**Action item:**
Using the listing below, copy exactly each line from the one that has "I. Ventajas del" through the one that has "De TotsBots wasbare"; omit the pictures.

**Source data:**
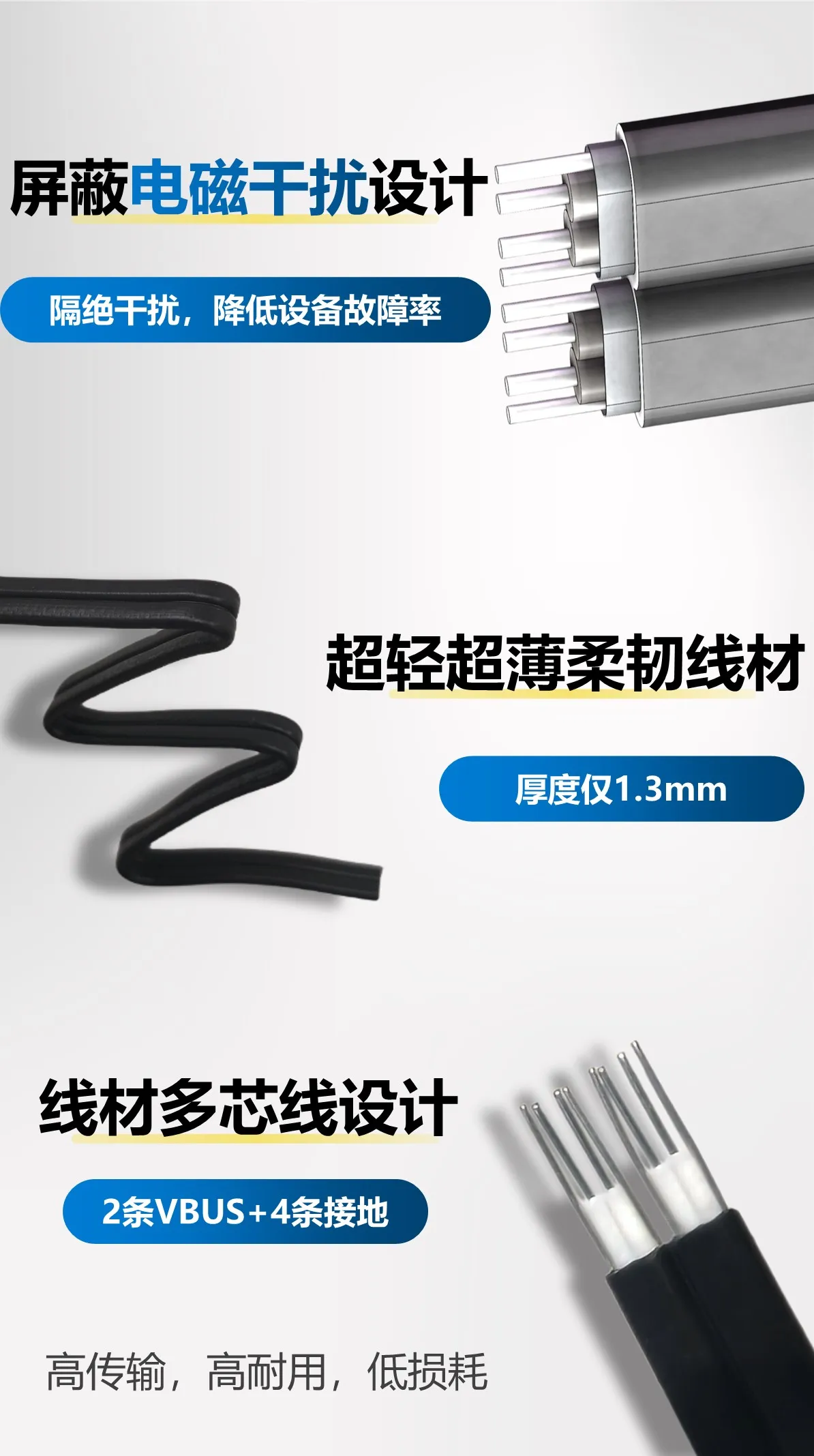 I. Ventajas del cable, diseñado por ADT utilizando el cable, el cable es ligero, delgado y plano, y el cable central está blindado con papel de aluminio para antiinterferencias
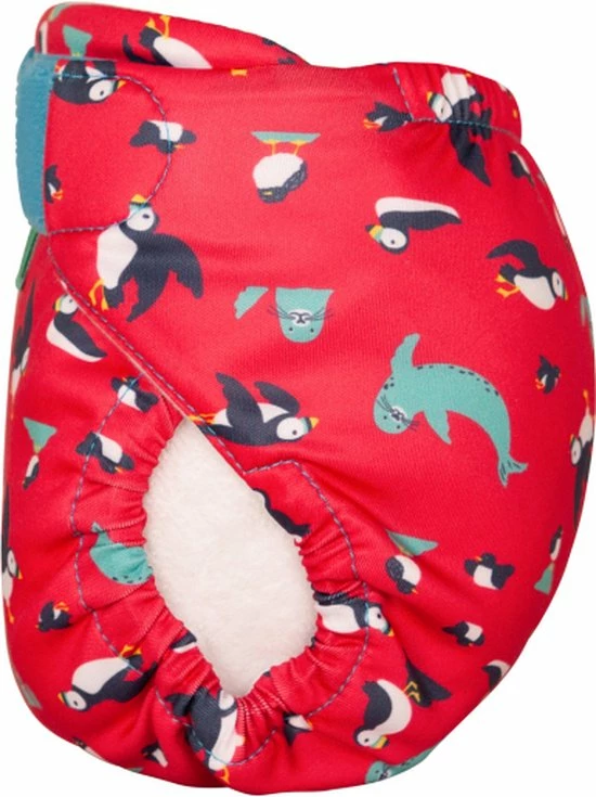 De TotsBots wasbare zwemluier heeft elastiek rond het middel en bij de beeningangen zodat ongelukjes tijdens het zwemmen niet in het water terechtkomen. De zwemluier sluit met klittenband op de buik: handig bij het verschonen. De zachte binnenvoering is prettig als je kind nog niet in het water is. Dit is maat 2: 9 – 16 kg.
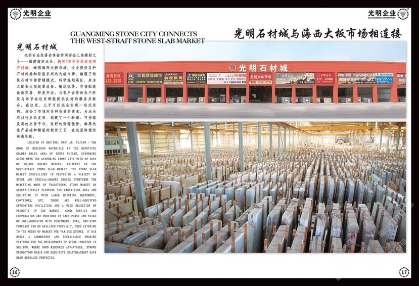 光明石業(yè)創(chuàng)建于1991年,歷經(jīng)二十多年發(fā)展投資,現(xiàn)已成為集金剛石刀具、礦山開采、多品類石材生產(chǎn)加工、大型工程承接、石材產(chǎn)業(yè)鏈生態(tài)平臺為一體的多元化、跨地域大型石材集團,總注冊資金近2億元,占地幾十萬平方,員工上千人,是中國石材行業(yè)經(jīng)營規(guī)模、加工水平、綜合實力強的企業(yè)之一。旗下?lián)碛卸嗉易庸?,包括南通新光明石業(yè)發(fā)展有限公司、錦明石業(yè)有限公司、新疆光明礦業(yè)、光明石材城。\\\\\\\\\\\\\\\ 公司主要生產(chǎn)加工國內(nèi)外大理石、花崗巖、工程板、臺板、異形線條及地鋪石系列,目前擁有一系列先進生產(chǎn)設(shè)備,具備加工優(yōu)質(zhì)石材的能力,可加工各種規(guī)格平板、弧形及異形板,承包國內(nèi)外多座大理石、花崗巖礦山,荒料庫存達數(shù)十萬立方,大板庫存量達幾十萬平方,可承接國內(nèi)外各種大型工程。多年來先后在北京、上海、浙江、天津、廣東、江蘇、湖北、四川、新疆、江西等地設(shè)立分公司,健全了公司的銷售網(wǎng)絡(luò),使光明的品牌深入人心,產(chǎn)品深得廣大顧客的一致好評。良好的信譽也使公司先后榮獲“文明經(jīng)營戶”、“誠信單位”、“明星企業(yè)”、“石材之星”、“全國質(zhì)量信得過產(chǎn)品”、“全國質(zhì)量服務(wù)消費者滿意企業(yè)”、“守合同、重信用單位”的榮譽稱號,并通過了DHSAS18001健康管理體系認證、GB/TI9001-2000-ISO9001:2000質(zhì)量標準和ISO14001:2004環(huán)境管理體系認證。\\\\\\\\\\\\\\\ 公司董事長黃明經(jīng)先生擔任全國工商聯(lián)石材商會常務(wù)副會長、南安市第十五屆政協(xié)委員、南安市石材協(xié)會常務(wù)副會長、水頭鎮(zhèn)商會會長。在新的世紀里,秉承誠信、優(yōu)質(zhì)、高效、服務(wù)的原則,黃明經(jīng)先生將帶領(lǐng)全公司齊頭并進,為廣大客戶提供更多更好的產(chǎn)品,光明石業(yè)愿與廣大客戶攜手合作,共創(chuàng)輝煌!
...
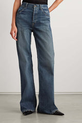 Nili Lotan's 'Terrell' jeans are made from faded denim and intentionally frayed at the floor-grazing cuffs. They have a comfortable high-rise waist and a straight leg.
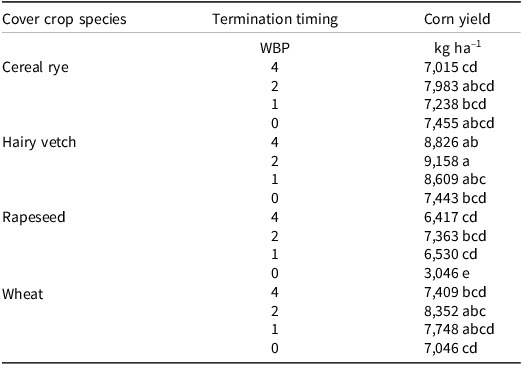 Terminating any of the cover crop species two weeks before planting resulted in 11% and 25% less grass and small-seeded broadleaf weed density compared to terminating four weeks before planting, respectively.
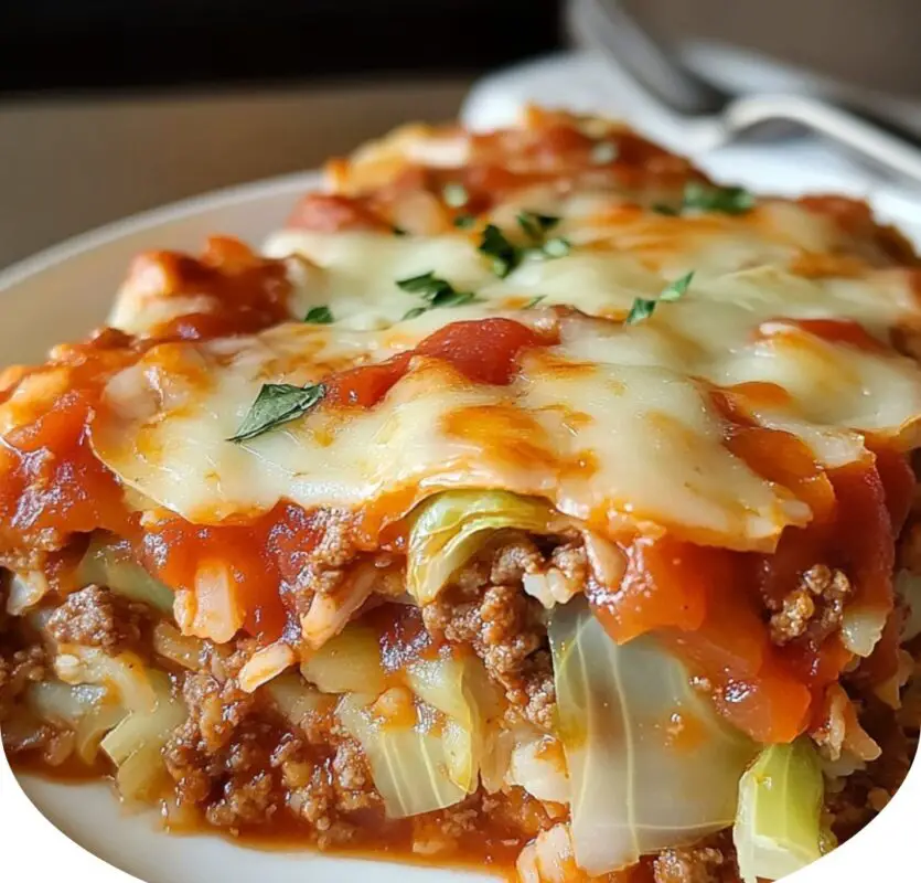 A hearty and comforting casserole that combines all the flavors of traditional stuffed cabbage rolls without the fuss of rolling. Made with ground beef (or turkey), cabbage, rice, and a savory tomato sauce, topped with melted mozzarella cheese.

**Answer box:**
 I. Ventajas del cable, diseñado por ADT utilizando el cable, el cable es ligero, delgado y plano, y el cable central está blindado con papel de aluminio para antiinterferencias
 De TotsBots wasbare zwemluier heeft elastiek rond het middel en bij de beeningangen zodat ongelukjes tijdens het zwemmen niet in het water terechtkomen. De zwemluier sluit met klittenband op de buik: handig bij het verschonen. De zachte binnenvoering is prettig als je kind nog niet in het water is. Dit is maat 2: 9 – 16 kg.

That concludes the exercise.